The first fertilization was done at sowing, with 350 kg·ha^-1 of fertilizer (NPK at 6-28-16). The second fertilization was done 18 days after sowing (DAS), in the V4 growth stage (four completely developed leaves), with 150 kg·ha^-1 of urea + 72 kg·ha^-1 of potassium chloride, and the third was with urea at 100 kg·ha^-1, 13 days after the second fertilization in the V8 growth stage (eight completely developed leaves).

Weed control was done during the experiment with glyphosate (Roundup^® WG, Monsanto, São José dos Campos, SP, Brazil) at 2.5 kg·ha^-1, 15 days before sowing and 21 days after maize germination. Leaf diseases were controlled by spraying azoxystrobin + flutriafol (Authority^®, FMC Química do Brasil, Campinas, SP, Brazil) at 0.50 L·ha^-1. Plots received overhead irrigation in Experiment #2 due to variation in rainfall between years.

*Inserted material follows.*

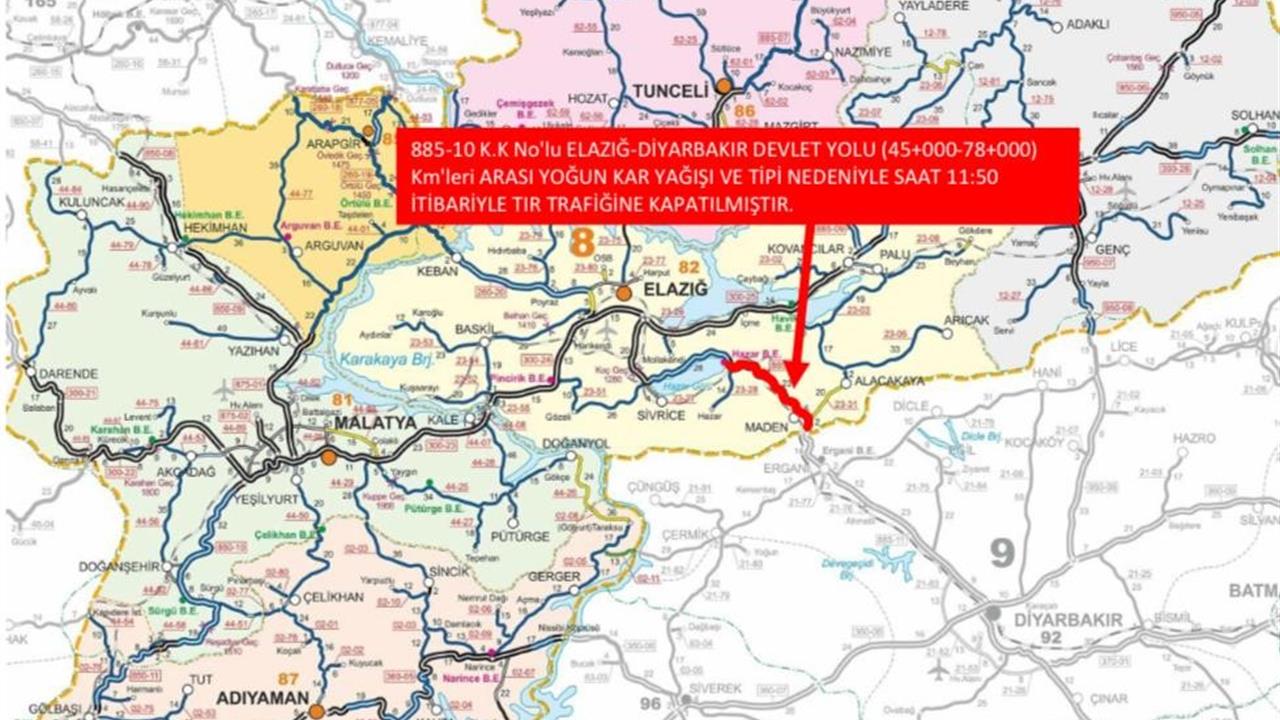 Elazığ ve çevresinde etkili olan kar yağışı nedeniyle ulaşımda aksaklıklar yaşanıyor. Meteorolojik verilerin ışığında, kar yağışının artarak devam etmesi bekleniyor. Bu nedenle, Elazığ-Diyarbakır karayolunun 45-78. kilometreleri arasındaki ağır taşıt trafiği, güvenlik amacıyla geçici olarak kapatıldı. Karayolları Genel Müdürlüğü, yol durumunu takip ederek, gerekli önlemleri alıyor. Olay yerinde, ekipler çevre güvenliğini sağlamak için çalışmalarını sürdürüyor. Yoğun kar yağışı nedeniyle sürücülerin dikkatli olmaları ve belirtilen güzergahlardan uzak durmaları tavsiye ediliyor.

Half of all plots (both with or without Si applications) were manually infested with FAW eggs (Experiment #1) or larvae (Experiment #2). In the other half of the plots, no FAW eggs or larvae were added, and chemical pesticides were used against natural infestations of FAW. Both infestation of plants with FAW and application of insecticides were done 30 DAS, when maize was at the V8 growth stage (eight completely developed leaves). For Experiment #1, the whorls of each of the 30 plants in the two central rows of each plot were manually infested with egg masses each containing an average of approximately 500 eggs nearly ready to hatch. For Experiment #2, the FAW larvae were reared on artificial diet until the third instar and then used to infest the plants, adding three larvae per plant. The insect eggs were supplied by Empresa Brasileira de Pesquisa Agropecuária (Embrapa) Milho e Sorgo, from Sete Lagoas, Minas Gerais state. Non-infested plots (with natural infestations of FAW) were sprayed with the insecticide thiamethoxam+lambda-cyhalothrin (Engeo Pleno^®, Syngenta, Paulínia, SP, Brazil) at 250 mL·ha^-1 to reduced natural FAW infestations. The insecticide was delivered directly into the corn whorls to ensure efficiency and reduce drift.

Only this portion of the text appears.